Los chilenos conmemoraron los 40 años del golpe de Estado en medio de reclamos por el sistema político y económico heredado de la dictadura de Augusto Pinochet

Capital. Policías chilenos arrestan a una manifestante que protestaba en la avenida Alameda de Santiago.

Capital. Policías chilenos arrestan a una manifestante que protestaba en la avenida Alameda de Santiago. AFP.

AFP / Santiago de Chile

01:03 / 12 de septiembre de 2013

Chile conmemoró ayer los 40 años del golpe de Estado que instaló la dictadura de Augusto Pinochet, con disturbios en barrios periféricos y un llamado del presidente Sebastián Piñera a superar los traumas del pasado.

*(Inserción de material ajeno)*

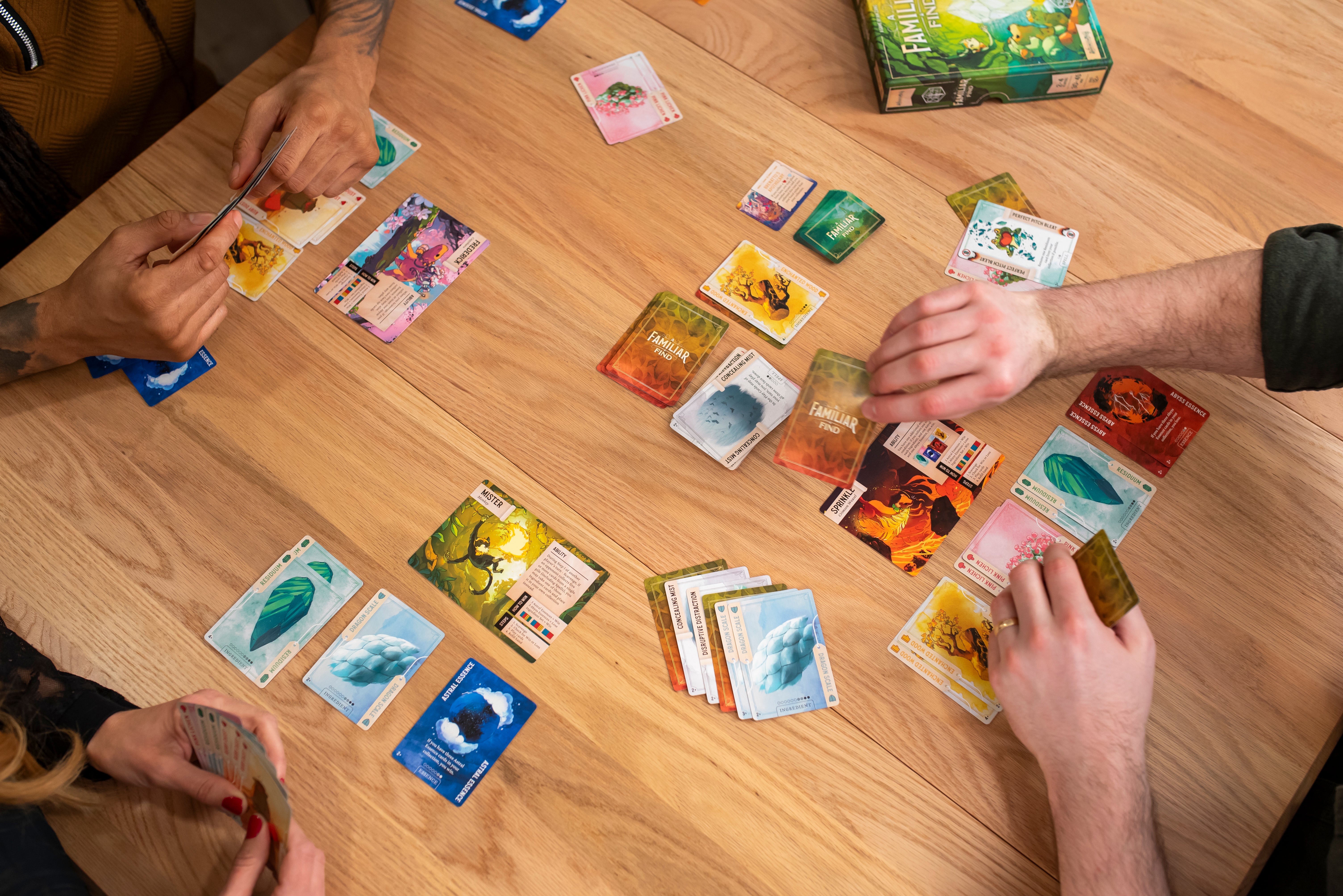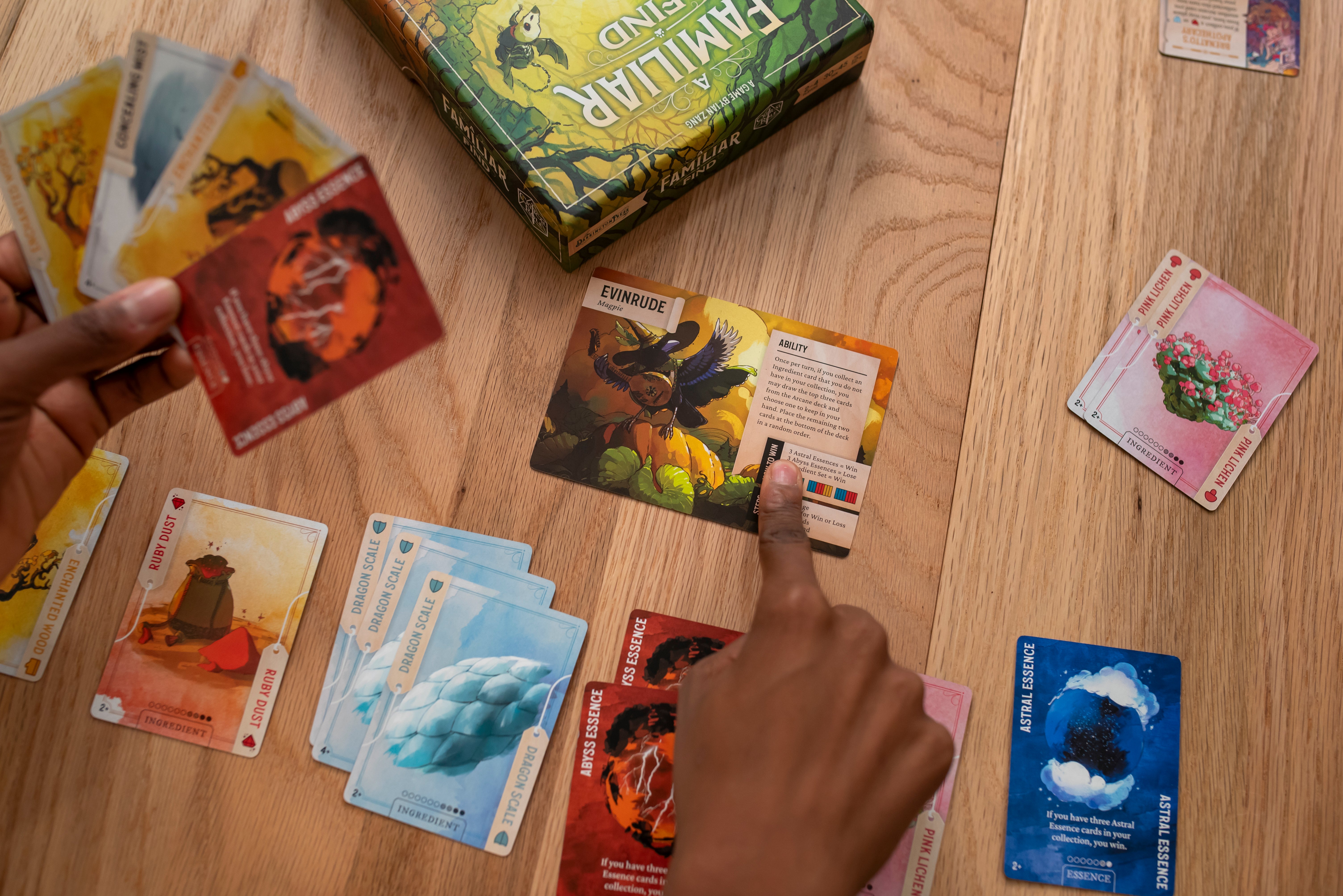 So, you’ll have to beware! Competing familiars are lurking nearby, setting traps, calling your bluff, and trying to sabotage your plans. Get crafty and use your wits to keep your strategy hidden, know when to reveal ingredients, and trick your opponents at just the right moments.

La jornada estuvo precedida de enfrentamientos y barricadas en algunas poblaciones de la periferia de Santiago, tradicionales puntos de oposición a la dictadura de Pinochet, que derrocó al gobierno del socialista Salvador Allende y se saldó con más de 3.200 víctimas. Los enfrentamientos, de menor intensidad a los esperados por el Gobierno, dejaron al menos 68 detenidos y cinco autos quemados, según la Policía.

En la céntrica comuna de Providencia el chofer de un autobús del transporte público pudo sofocar un intento de quemar el vehículo con pasajeros a bordo. “El balance ha sido muy positivo con relación a lo que se esperaba”, dijo el ministro del Interior y Seguridad, Andrés Chadwick, al entregar un primer balance en el palacio presidencial de La Moneda. En el país, agregó, se “están desarrollando las actividades en forma total y completamente normal”.

Los disturbios son habituales en esta fecha, cuando en las poblaciones pobres de la capital chilena, en su mayoría jóvenes, se dan licencia para atacar a la Policía pero también para saquear algunos comercios, tras cortar el suministro de electricidad.

Confrontación. Para enfrentar la fecha, la Policía estableció un plan especial de vigilancia, que comprende el resguardo adicional de la ciudad de unos 8.000 policías. El comercio y casi la mayoría de los servicios públicos cierran sus puertas más temprano de lo habitual, para permitir el retorno de los trabajadores.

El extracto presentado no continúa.